The growth and increasing sophistication of the digital marketplace has enhanced the capacities of political campaigns to identify, reach, and interact with individual voters. Below we identify seven key techniques that are emblematic of this new digital political marketing system, providing brief illustrations of how they were employed during the 2016 election.
Getting a complete picture of a person’s persistent “identity” through an “identity-graph” has become a key strategy for successfully reaching consumers across their “omnichannel” experience (use of mobile, TV, streaming devices, etc.) (Winterberry Group, 2016). “Cross-device recognition” allows marketers to determine if the same person who is on a social network is also using a personal computer and later watching video on a mobile phone. Through data “onboarding,” a customer record that may contain a physical and email address is linked through various matching processes, associating it with what is believed to be that individual’s online identification—cookies, IP addresses, and other persistent identifiers (Levine, 2016). Cross-device targeting is now a standard procedure for political initiatives and other campaigns. Voter files are uploaded into the onboarding process, enabling the campaigns to find their targets on mobile devices and at specific times when they may be more receptive to a message (Kaye, 2016, April; L2, n.d.-b). Such granularity of information also enables a more tailored advertisement—so-called “dynamic creative”—which can be changed over time to “deliver very specific messaging” to individuals (Schuster, 2015). Leading cross-device marketing company Drawbridge offered a suite of election services in 2016 that provided campaigns a number of ways to impact voters, including through “Voter-Centric Cross Device Storytelling”, “Political Influencer Identification”, and via “Real-Time Voter Attribution Measurement” (Drawbridge, n.d.).

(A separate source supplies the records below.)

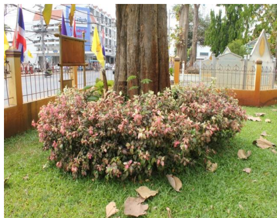
ภาพที่ ๒๗ ลำต้น ๑๓๐ นิ้ว มีปลวกขึ้น ที่เปลือกมีแมลงเจาะ มีกาฝาก
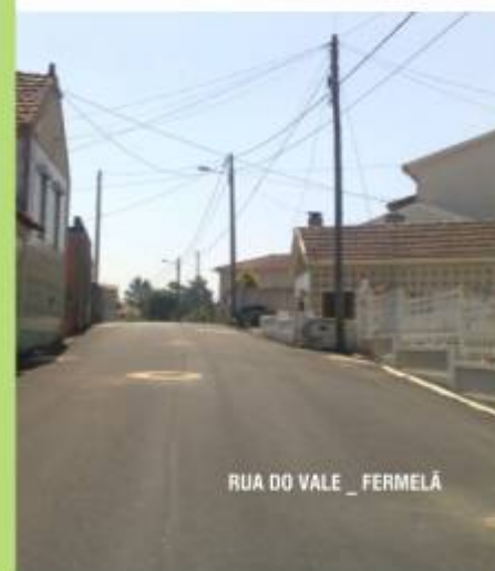
RUA DO VALE _ FERNELA

A Câmara Municipal lançou a concurso nos primeiros oito meses do ano 39 empreitadas de beneficiação de ruas dando seguimento à qualificação e conservação da Rede Viária Municipal. Desse bolo, haviam sido adjudicados 27 concursos correspondendo a um investimento municipal de 467.029€.
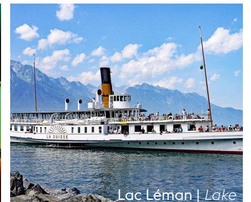
Lac Léman | Lake
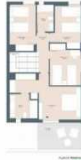
Planta 1. 1.º

Este documento es una representación gráfica de un proyecto de obra de construcción. El contenido de este documento es confidencial y no debe ser divulgado sin el consentimiento expreso de la empresa propietaria de los derechos de autor. La información contenida en este documento es solo una referencia y no debe ser utilizada como base para la toma de decisiones. La empresa no se responsabiliza de los errores o omisiones que puedan aparecer en este documento. La información contenida en este documento es solo una referencia y no debe ser utilizada como base para la toma de decisiones. La empresa no se responsabiliza de los errores o omisiones que puedan aparecer en este documento.
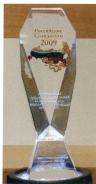
Знак лауреата Российской общенациональной премии «Российские создатели» (2009 г)

Направления деятельности ВЕМО разнообразны. Это и все виды инженерно-технического аудита, строительной экспертизы, технических и энергетических обследований в промышленности, ЖКХ, ВПК, АПК на предприятиях и организациях ТЭК и Минобороны; инженерно-техническое сопровождение строительства, создание и внедрение технологий неразрушающего контроля качества и остаточного ресурса строительных конструкций и промышленного оборудования; разработка и комплектация мобильных лаборато-
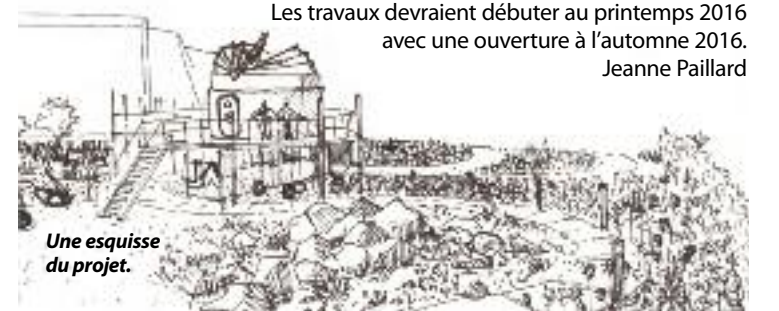
Une esquisse du projet.
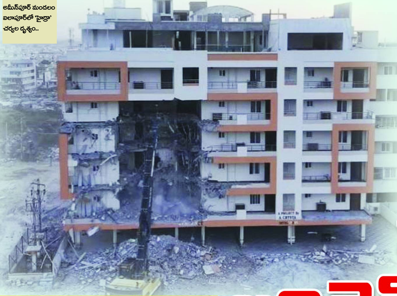
అమీన్ పూర్ మండలం బలాపూర్లో 'హైద్రా' చర్యల దృశ్యం..
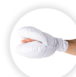
MITTY CARE Handschuh mit Inspektionsöffnung
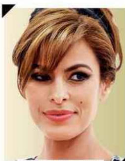
40 ans et + Eva Mendes

La ligne du sourcil dépend de la forme du visage. Quand celui-ci commence à se modifier, elle suit. On doit donc la réhausser si elle tombe, la redessiner si elle perd son caractère. La technique qui buzz : les rajouts de sourcils. Une fois définies la forme et l'épaisseur, l'esthéticienne colle chaque extension sur un poil ou sur la peau. Au final, le visage est rafraîchi, le regard plus présent.
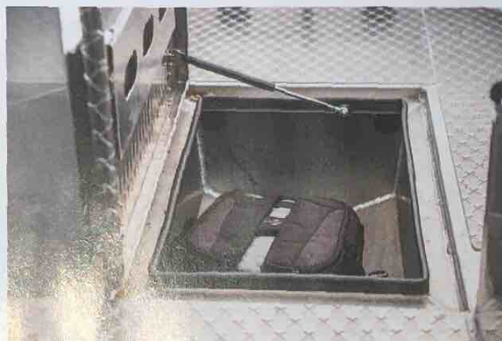
▲ Rejäl stuvfack. Durken är ovanligt på alubåtar i den här storleken. Men UMS 550 har två durken som vardera rymmer en 40 liters ryggsäck.

navigator, rutramen är tillräckligt hög för att ge vindskydd åt mig som är 177 centimeter lång. Här, på instrumentpanelen, finns också ett fack där mobiltelefon eller solglasögon ryms – en vettig finess som frustrerande nog, trots att Båtnytt tjarar om det i 30 år, fortfarande saknas på de flesta moderna båtar.
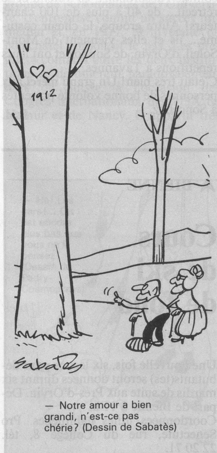
— Notre amour a bien grandi, n'est-ce pas chérie? (Dessin de Sabatès)
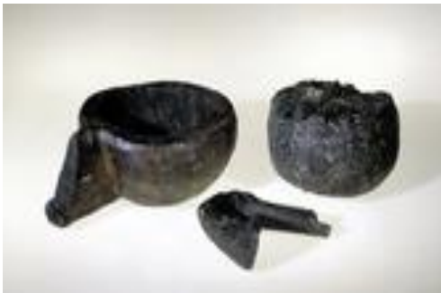
Funn frå heilagstaden på Eidsbøen
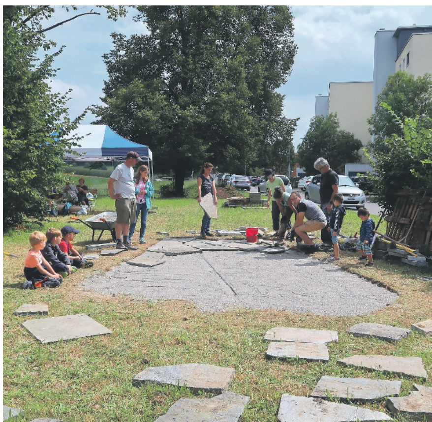
Beim Bau des Natursteinplatzes haben Alt und Jung mitangepackt.

Vereinigung Freizeit Kloten, Schluweg 10, 8302 Kloten, Tel. 044 804 85 55. Detaillierte Informationen zu allen Angeboten finden Sie unter: www.vfk-kloten.ch , www.ludothek-kloten.ch oder auf der Facebook-Seite: VFKloten
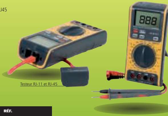
Testeur RJ-11 et RJ-45
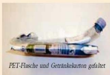
PET-Flasche und Getränkekarton gefaltet

Folgende Abfälle gehören NICHT in die Kunststoffverpackungstonne:

Programmatic advertising refers to new automated forms of ad buying and placement on digital media using computer programmes and algorithmic processes to find and target a customer wherever she goes. The process can also involve real-time “auctions” that occur in milliseconds in order to “show an ad to a specific customer, in a specific context” (Allen, 2016). The use of programmatic advertising was one of the major changes in political campaign digital operations between 2012 and 2016—“the first time in American History”, according to one ad company, “that such precise targeting has ever been made available at such great scale” (Briscoe, 2017; Kaye, 2015). Programmatic advertising has itself grown in its capabilities to reach individuals, taking advantage of new sources of data to reach them on all of their devices (Regan, T., 2016). In 2016, for example, global ad giant WPP’s Xaxis system—“the world’s largest programmatic and technology platform”—launched “Xaxis Politics”. Capable of “reaching US voters across all digital channels”. the system is said to “segment audiences by hundreds of hot button issues as well as by party affiliation”, including via “real-time campaigns tied to specific real-world events” (Xaxis, 2015). Candidates were able to use the services of a growing list of companies, including Google, Rubicon, AOL, PubMatic, Appnexus and Criteo, that offered programmatic advertising platforms (“Political Campaigns”, 2016; Yatrakis, 2016).

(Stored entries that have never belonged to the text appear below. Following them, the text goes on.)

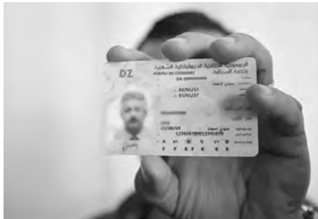
جميع بلديات الوطن بإصدار رخص السياقة البيومترية، وفق

دعت المنظمة الوطنية لأبناء الشهداء، أمس، بالجزائر العاصمة، رئيس الجمهورية، عبد المجيد تبون، إلى الترشح لعهدة جديدة في الانتخابات الرئاسية المقررة يوم 7 سبتمبر المقبل. وأكدت المنظمة في بيان لها عقب اختتام أشغال الدورة 45 لجلسها الوطني "دعماً الكمال لرئيس الجمهورية لاستكمال مسيرة الإصلاحات التي باشرها منذ توليه الحكم في ديسمبر 2019"، وأعلنت عن "ترشيحها الكبير لطلاب الأحزاب السياسية ومنظمات المجتمع المدني والمواطنين الداعية إلى ترشح الرئيس عبد المجيد تبون للانتخابات الرئاسية المقبلة" من أجل "استكمال بناء الجزائر الجديدة كما حلم بها الشهداء الأبرار".
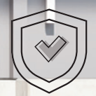
신뢰도 높은 보안성
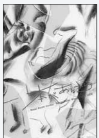
武田こうじ・前野久美子／著 Book! Book! Sendai 刊

「本があるから Book! Book! Book! Sendai! Book! Book! Book! Miyagi 2008—2018」
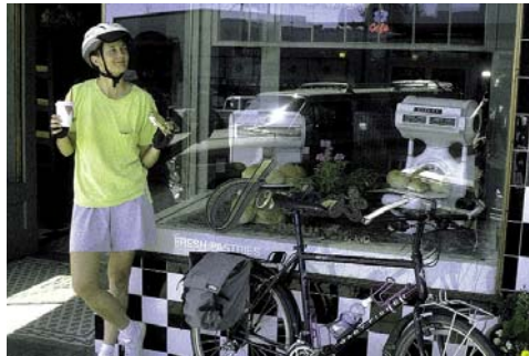
Mit dem Fahrrad von Bäckerei zu Bäckerei
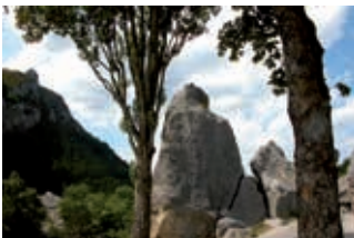
Le Claps (Luc-en-Diois)

Ce circuit remonte la dernière rivière sauvage d'Europe, se plaçant naturellement sous le signe de l'eau et du ressourcement. Cette boucle de moyenne montagne avec ses 3 cols de basse altitude, déjà sous le soleil de Provence, est idéale pour une mise en jambe de début de saison. Départ au cœur du chaos rocheux du Claps de Luc, résultant du spectaculaire éboulement du Pic de Luc dans la rivière Drôme (baignade, escalade, via ferrata). Longez le Marais des Boulignons, unique dans son contexte de montagne, et dont la richesse écologique résulte de la juxtaposition des versants secs et des zones humides, ce qui permet l'observation d'espèces rares comme la Demoiselle vierge ou la Grenouille rieuse... Arrivés au village
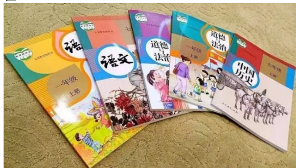
图2 小学教材封面设计

教材的视觉艺术美感培育至关重要，社会主义教育的教育层面不止是素质教育，美育教育也是新时代下的社会主义教育的重要部分。目前市面上的幼儿教材基本停留在知识教育意义的层面，依然存在教材封面设计缺乏美感、插图绘制粗糙老旧、排版设计混乱等问题，教材不仅仅是满足教材的实用教学功能，也应该注重学生的艺术熏陶和艺术教育的审美体验，给学生提供更多的视觉美感和艺术价值。

The use of big data analytics enables marketers to acquire information about an individual without directly observing behaviour or obtaining consent. They do this by “cloning” their “most valuable customers”in order to identify and target other prospective individuals for marketing purposes (LiveRamp, 2015). For example, Stirista (n.d.), a digital marketing firm that also serves the political world, offers lookalike modelling to identify people who are potential supporters and voters. The company claims it has matched 155 million voters to their “email addresses, online cookies, and social handles”, as well as “culture, religion, interests, political positions and hundreds of other data points to create rich, detailed voter profiles”. Facebook offers a range of lookalike modelling tools through its “Lookalike Audiences” ad platform. For example, Brad Parscale, the Trump campaign’s digital director, used the Lookalike Audiences ad tool to “expand” the number of people the campaign could target (Green & Issenberg, 2016). Facebook’s “Custom Audiences” product, similarly, enables marketers to upload their own data files so they can be matched and then targeted to Facebook users (Facebook, n.d.-e).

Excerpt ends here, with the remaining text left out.